求人に関しても各ニュースメディアへの求人と、共通の技術、サポート部門への求人を統括した求人サイトをもうけている。ジャーナリストに関しては後述するがこの求人サイトでは募集していないため、掲載されている職種をみると、まるで新しいウェブサービスを提供しているスタートアップの求人のようである。

いわく、フロントエンド・エンジニア、サブスクリプション・アナリスト、機械学習・AI担当者、トップUXデザイナー、などなど。最近はゲーム会社のやり方を取り込もうとしているようで、先日もスウェーデンのゲーム大手のKing(一連の「キャンディクラッシュ」ゲームで成功)から、デジタルコンセプト&デザインの責任者が、ボニエの広告新技術部門に入社した。

ジャーナリストに関しては「一流の人材を集める」とヴォロダルスキが宣言したように、ダーゲンス・ニュヘテルでは他のメディアで活躍している人たちを次々をヘッドハンティングした。音声コンテンツや動画の提供のためには、ラジオやテレビ局から、人気ラジオ番組のパーソナリティやテレビの花形プロデューサー達も入社しているといった状況だ。

一方、ボニエはグループのニュースメディアを得意先とするジャーナリスト人材派遣会社も持っており、去年タブロイド紙のエキスプレッセンの業績が悪化した際には、この人材派遣会社で20名程度の雇用削減が行われている。

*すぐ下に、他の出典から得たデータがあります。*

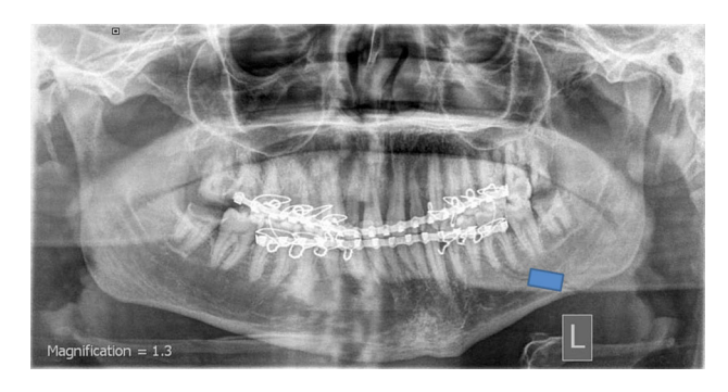
Fig. 1 Processing of the digitized image along a rectangular area of 10 \times 15 mm centered on the fracture line

area of 10 \times 15 mm was drawn along the center of the fracture line. The obtained densitometry values were expressed in gray levels from 0 to 256. Each of these values corresponded to the mean density of the fracture area (Fig. 1). In an attempt to eliminate intra-observer error, these measurements were performed twice by the same investigator who was unaware of the randomization codes. The data of the 2 trials were pooled, and the mean was included in additional statistical analysis. All collected data were then tabulated and statistically analyzed.

ボニエのライバル社である、もうひとつの大手メディアグループであるシブステッド(ノルウェー資本)は、最近ロボットによる自動生成記事をどんどん投入していることで注目を集めている。ジャーナリストにとっては、個人として尖らないと生き残れない時代に突入しているようだ。

世界一のネイティブ広告エージェンシー

この連載の最後にこれまでは触れてこなかった、広告をめぐる取り組みを取り上げたい。

ダーゲンス・ニュヘテルの2018年の広告事業の決算数字は、紙の新聞への出稿で13%、デジタルでも11%前年から減っており、両方合わせても2000年の水準の3分の1の売上高にすぎない。とはいっても、まだまだ年間4億6000クローナ(約56億円)以上売り上げる重要な収入源だ。

広告製品の開発や販売は新聞(というよりボニエでは「ニュース ブランド」という名称を使い始めた)5紙を統括した広告チームがその任にあたっている。新製品ローンチキャンペーンなどは、これも同じボニエグループのテレビ局とも共同で展開している(ただし、グループのテレビ部門は、今年テレコム大手のテリアへ売却されることが決まっている)。

この他に、ボニエでは、ディスプレイなど従来のウェブ広告とアナログ広告を扱うチームとは別に、ネイティブ広告や、VRやARなどの次世代の広告クリエイティブを扱う部門を、ボニエ ニュース ブランド スタジオ(Bonnier News Brand Studio) という別組織で独立させている。

昨年1年間で17名から62名まで大きく成長したボニエ ニュース ブランド スタジオは、注目のエージェンシー。去年11月に発表された、2018 ネイティブ アドバタイジング アワードでエージェンシー大賞(ゴールド)を受賞している。

また、大手コーヒーメーカー、ロフベリス(Löfbergs)のために制作したコーヒー豆の生産者を扱ったVRを含んだネイティブ広告は、昨年、世界やヨーロッパの広告アワードで多くの賞を受賞した。

さらに、ボニエは最近、ストックホルムから離れたスウェーデン第三の都市であるマルメ(ここでも地元紙を所有する)で、ボニエ ニュース ネクスト (Bonnier News Next) と称する、次世代のニュース提供に必要な技術、ビジネスモデル、広告商品などの研究開発に従事する部門を立ち上げた。

ここで今、取り組んでいるのは、Eヘルスアプリ、フードテックや次世代音声認識技術など。毎日、ニュースブランド全体で300万を超えるデジタル訪問者を誇るニュースブランドの、次のユーザー体験と収益源を開発中だ。

「我々のすべての行動は高品質なジャーナリズムを、次の世代へと続けていくためにある」。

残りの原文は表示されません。